> _SUPPLIED DATA_:
________________________

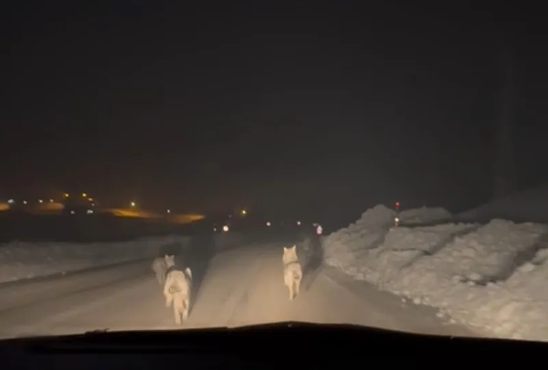 Akşam saatlerinde seyir halindeki bir araçta bulunan vatandaşlar, yol kenarında hareket eden kalabalık kurt sürüsünü fark etti. Bir süre yol boyunca ilerleyen ve yiyecek aradıkları gözlenen kurtlar, araç ışıklarına aldırış etmeden bölgeden uzaklaşarak gözden kayboldu.
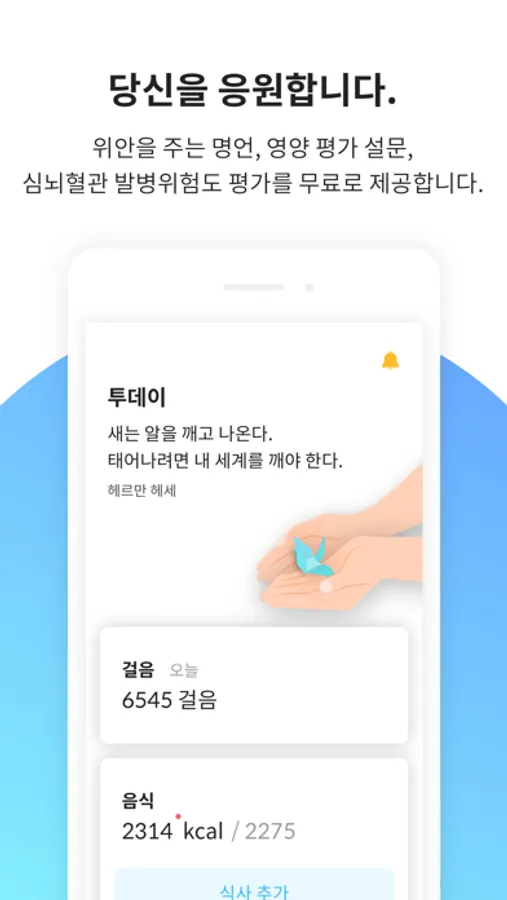 심혈관 질환 발병 위험도 측정 기능, 설문 기반의 영양 평가 기능, 기본정보를 기반으로 목표 자동 설정 기능, 영양성분별 음식 정보 찾기 기능, 위안을 주는 명언 등으로 심리적 위안과 필요한 기능을 무료로 사용할 수 있어요.
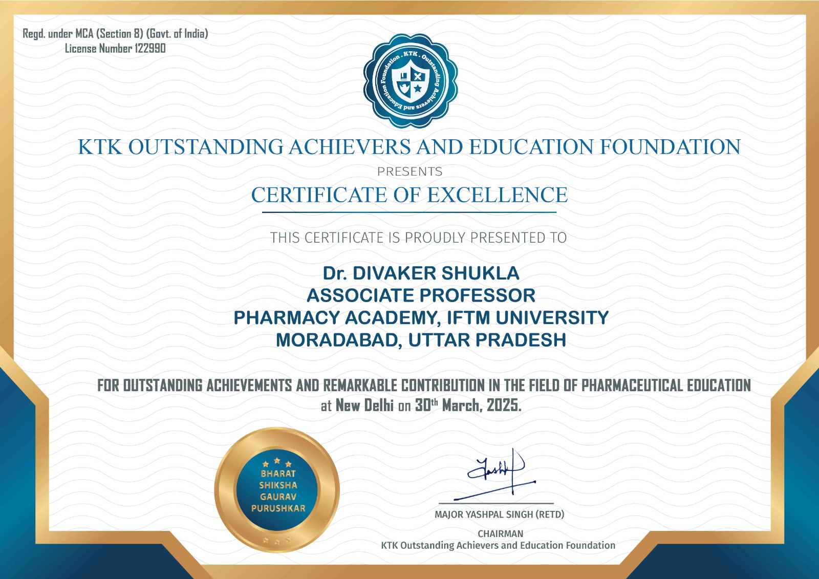 8DR DIVAKER SHUKLABHARAT SHIKSHA GAURAV PURUSHKAROUTSTANDING ACHIEVEMENTS AND REMARKABLE CONTRIBUTION IN THE FIELD OF PHARMACEUTICAL EDUCATION 2025-03-30
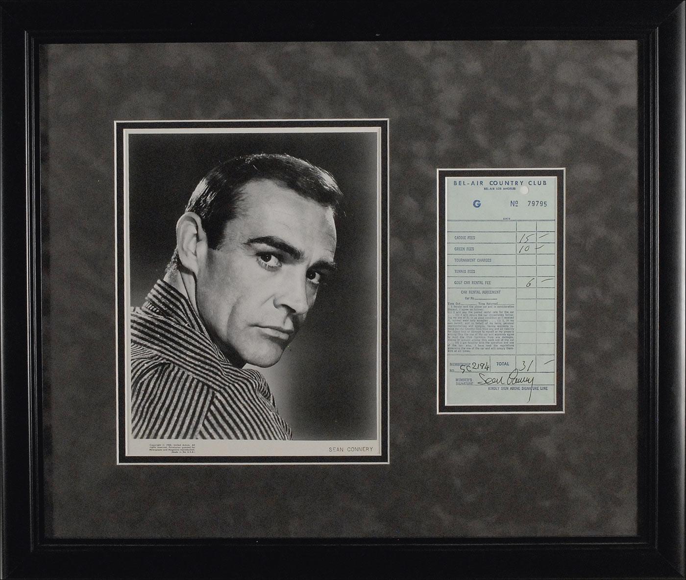 Bel-Air Country Club receipt, 3.25 x 7, no date, for a round of golf including caddie fees, green fees, and a cart rental totalling $31.00, signed at the bottom by Connery. Double suede matted and framed with a glossy 8 x 10 portrait of Connery, to an overall size of 20.5 x 17.5. In fine condition, with a few light creases and a punch hole to top right.

________________________

Would you copy the lines above exactly, starting with the one that has "심혈관 질환 발병 위험도" and ending with the one that has "8DR DIVAKER SHUKLABHARAT", both included, without the pictures?

 심혈관 질환 발병 위험도 측정 기능, 설문 기반의 영양 평가 기능, 기본정보를 기반으로 목표 자동 설정 기능, 영양성분별 음식 정보 찾기 기능, 위안을 주는 명언 등으로 심리적 위안과 필요한 기능을 무료로 사용할 수 있어요.
 8DR DIVAKER SHUKLABHARAT SHIKSHA GAURAV PURUSHKAROUTSTANDING ACHIEVEMENTS AND REMARKABLE CONTRIBUTION IN THE FIELD OF PHARMACEUTICAL EDUCATION 2025-03-30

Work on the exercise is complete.